Work to complete =>
Write again exactly the lines in the listing below, starting at the line with "Cirkon fazettált világos" and ending at the line with "استشهد، مساء اليوم", both included. Pictures are not copied.

*** Opening Records to use ***

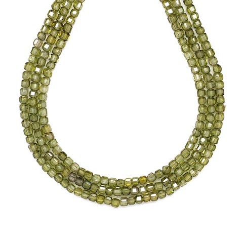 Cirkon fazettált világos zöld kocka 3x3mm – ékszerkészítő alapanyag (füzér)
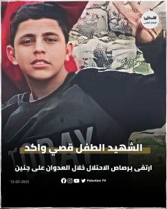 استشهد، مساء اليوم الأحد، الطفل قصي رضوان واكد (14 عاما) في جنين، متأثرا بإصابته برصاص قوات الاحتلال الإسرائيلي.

*** Closing Records to use ***
*** Opening Records to use ***

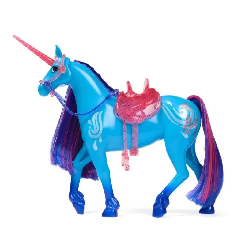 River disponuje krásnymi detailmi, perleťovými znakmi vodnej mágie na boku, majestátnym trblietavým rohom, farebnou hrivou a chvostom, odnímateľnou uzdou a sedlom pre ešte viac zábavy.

*** Closing Records to use ***

Answer to this exercise =>
 Cirkon fazettált világos zöld kocka 3x3mm – ékszerkészítő alapanyag (füzér)
 استشهد، مساء اليوم الأحد، الطفل قصي رضوان واكد (14 عاما) في جنين، متأثرا بإصابته برصاص قوات الاحتلال الإسرائيلي.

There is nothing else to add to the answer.